WORK REQUIRED
Every line from the one holding "RunGuangsheng Meja Makan" through the one holding "BY-RT XXXX-S(P)2系列 焊接机器人外部轴-- 头尾架式自动翻转变位机" in the data below must be returned exactly, both ends included, with pictures left out and nothing else added.

DATA EXTRACTS
***
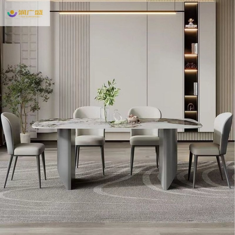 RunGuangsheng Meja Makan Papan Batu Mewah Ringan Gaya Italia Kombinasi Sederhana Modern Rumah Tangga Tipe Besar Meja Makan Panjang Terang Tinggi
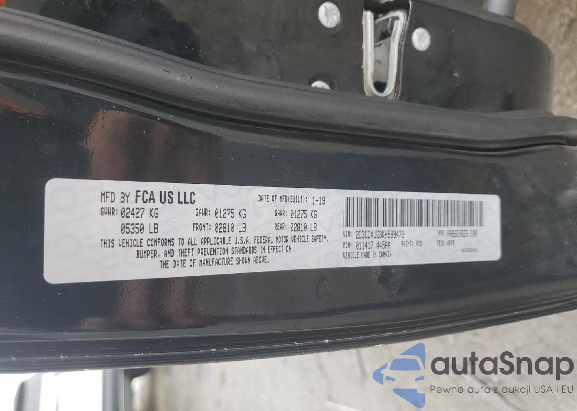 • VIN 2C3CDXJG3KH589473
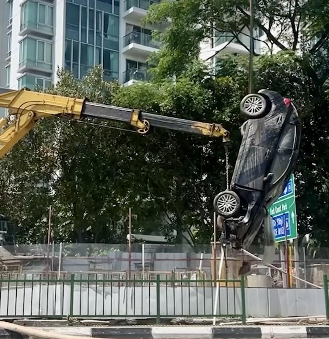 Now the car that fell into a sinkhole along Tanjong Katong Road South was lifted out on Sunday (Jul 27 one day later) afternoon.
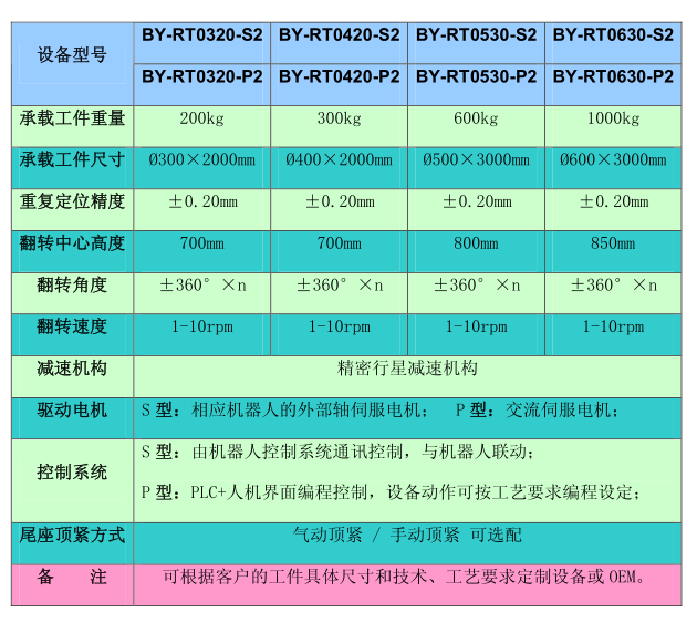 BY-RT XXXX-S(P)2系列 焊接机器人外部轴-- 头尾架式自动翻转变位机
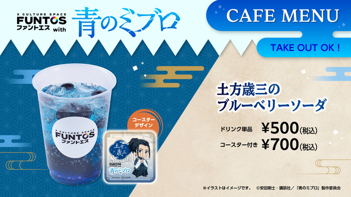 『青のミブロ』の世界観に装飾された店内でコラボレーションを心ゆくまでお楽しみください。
***
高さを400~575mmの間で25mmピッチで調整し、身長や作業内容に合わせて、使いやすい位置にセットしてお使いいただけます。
***
EXERCISE RESPONSE
 RunGuangsheng Meja Makan Papan Batu Mewah Ringan Gaya Italia Kombinasi Sederhana Modern Rumah Tangga Tipe Besar Meja Makan Panjang Terang Tinggi
 • VIN 2C3CDXJG3KH589473
 Now the car that fell into a sinkhole along Tanjong Katong Road South was lifted out on Sunday (Jul 27 one day later) afternoon.
 BY-RT XXXX-S(P)2系列 焊接机器人外部轴-- 头尾架式自动翻转变位机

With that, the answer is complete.